Nine teams of partners were each assigned to one of nine US retailers unknowingly targeted in the contest: Home Depot, CVS, Costco, Lowe's, Macy's, RiteAid, Staples, Walgreens, and Walmart. The teams competed to glean as many flags as they could from their targets. Their scores were then tallied along with dossiers they submitted before DEF CON that contained intel they had gathered in advance using Google searches, social networks, and other online research (a.k.a. open-source intelligence).
Not all the data from this year's contest has been crunched and analyzed yet, so it's unclear which of the retailers yielded the most "flags" -- designated checklist items that contestants try to glean from cold-calls to their target retailer's employees. These items include the type of browser or operating system the retailer runs, the badges it uses, which social networks it blocks, and duping them into visiting a specific URL.
But the team assigned to social engineer Home Depot scored the most points based on the weighted flags, followed by the team assigned to CVS, according to Christopher Hadnagy, chief human hacker with Social-Engineer Inc. and sponsor of the contest, now in its fifth year. The third-place finishers targeted Walmart, says Hadnagy, who today shared some of the findings with Dark Reading.
However, Hadnagy says this doesn't necessarily mean Home Depot was the most insecure of the retailers. The final scores depend on multiple factors, such as the skill of the contestants, the time of day they make their calls, and the employees they get on the phone.
"The theme of this year's competition was retail, based on the Target" breach revealed this year, Hadnagy says. "We wanted to see: This [Target's breach] just happened, so retailers should probably be on high alert, and maybe the contest would be more challenging. Unfortunately, there was not one company who did well. Not one, if they were my clients, would have gotten a passing grade."
The winning team, which went by the name Schmooze Operators, actually ended up with a substitute teammate during the live contest -- a volunteer from the SE CTF audience -- after a team member fell ill. The two teammates posed as Home Depot's corporate IT department, calling multiple stores in a quest for flags, such as which hardware or software the employee was running.

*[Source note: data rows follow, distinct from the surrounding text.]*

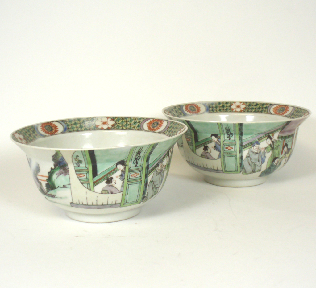PAIR OF CHINESE FAMILLE VERTE PORCELAIN BOWLS
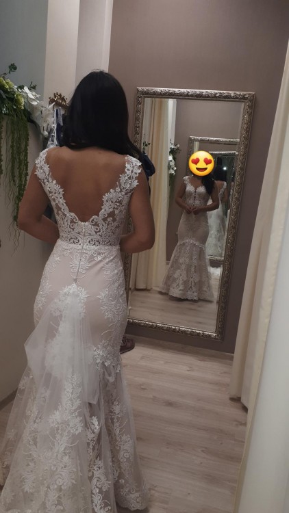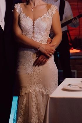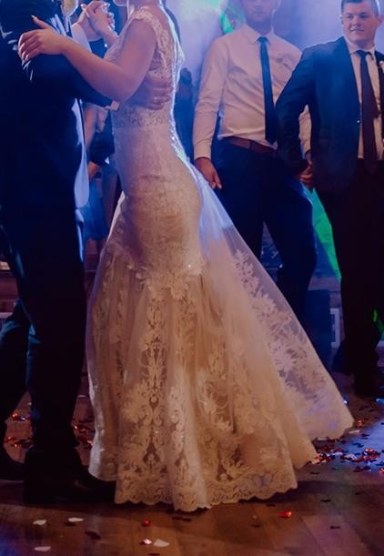 Suknia koronkowa lekko połyskujaca, typu rybka/syrenka, z podpinanym terenem na 3 guziki. Suknia jest bardzo wygodna nie sprawia problemów w czasie tańca, świetnie podkreśla sylwetkę, ślicznie eksponuje plecy jest idealna. Założona tylko w dniu ślubu. Stan bardzo dobry.
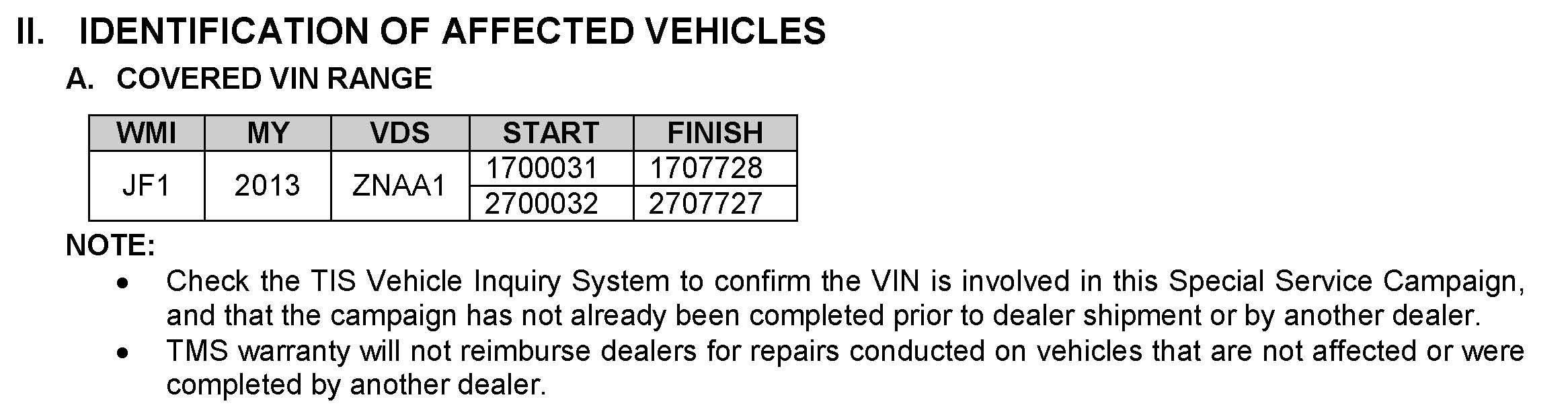 II. Identification of Affected Vehicles

Hadnagy says some Home Depot employees questioned why the "IT department" wasn't calling from a corporate phone number. "That happened more than once, which is really good. There must be some training [at Home Depot] when you notice this on caller ID."
Even so, the Schmooze Operators mostly were able to explain away the phone number discrepancy and get key information out of the employees. "But one [Home Depot] caller put a stop to the call" during one of the attempts.

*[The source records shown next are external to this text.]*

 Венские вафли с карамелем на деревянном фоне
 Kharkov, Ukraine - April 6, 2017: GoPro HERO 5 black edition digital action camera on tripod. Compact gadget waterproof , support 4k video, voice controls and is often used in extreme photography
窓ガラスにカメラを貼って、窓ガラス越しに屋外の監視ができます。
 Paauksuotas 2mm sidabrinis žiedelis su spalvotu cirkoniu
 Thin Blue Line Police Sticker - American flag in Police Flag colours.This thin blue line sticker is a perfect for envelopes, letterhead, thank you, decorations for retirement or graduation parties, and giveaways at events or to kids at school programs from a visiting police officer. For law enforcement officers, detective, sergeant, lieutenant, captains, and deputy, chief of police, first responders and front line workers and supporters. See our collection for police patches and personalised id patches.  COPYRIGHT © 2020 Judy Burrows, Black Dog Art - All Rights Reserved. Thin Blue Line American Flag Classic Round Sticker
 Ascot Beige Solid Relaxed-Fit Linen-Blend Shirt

[Walmart performed the worst in a high-profile social engineering contest that targeted Target, AT&T, Verizon, HP, Cisco, Mobil, Shell, FedEx, and UPS. Read Retail Fail: Walmart, Target Fared Worst In Def Con Social Engineering Contest.]
Half the contestant teams' scores come from their initial reconnaissance -- what they can glean from open-source intelligence in advance of the live contest.
In a particularly alarming find during the recon phase, one team discovered that a retailer's public website contained a portal to its corporate intranet, which allowed access the internal network without internal credentials. The website provided a handy online instructional document on how to access the intranet with a sample login username and password that actually provides access to the intranet. "The sample username and password works," says Hadnagy, who would not name the errant retailer. "So they stopped" there and went no further. "And we're wondering why so many retailers are getting hacked."
Among the most commonly won flags were information about which websites the retailer blocks. If the retailer blocks Facebook, for example, that would alert an attacker not to bother using Facebook in a phishing email lure. Several retailers gave up the names of their third-party security firms, and they disclosed whether their employee badges were RFID or magnetic stripe, for instance.
Convincing the retailers to visit a URL was an easy flag, too, Hadnagy says.
Several of the retail employees said their company provides security awareness training. "The employees knew what it was, and they have it regularly. But the takeaway [from the contest] is they're not doing a good enough job when things seem fishy… knowing what to do to recognize phishing calls and emails," he says. "Nobody stopped and said, 'I'm gonna call corporate and verify this and then call you back.' We are still a country with retail organizations failing to educate our employees on how to be protected and recognize social engineering attacks."
Social-Engineer Inc. will release the final report on the SECTF on Oct. 27, and it will host a free webinar on Oct. 31 to discuss the findings.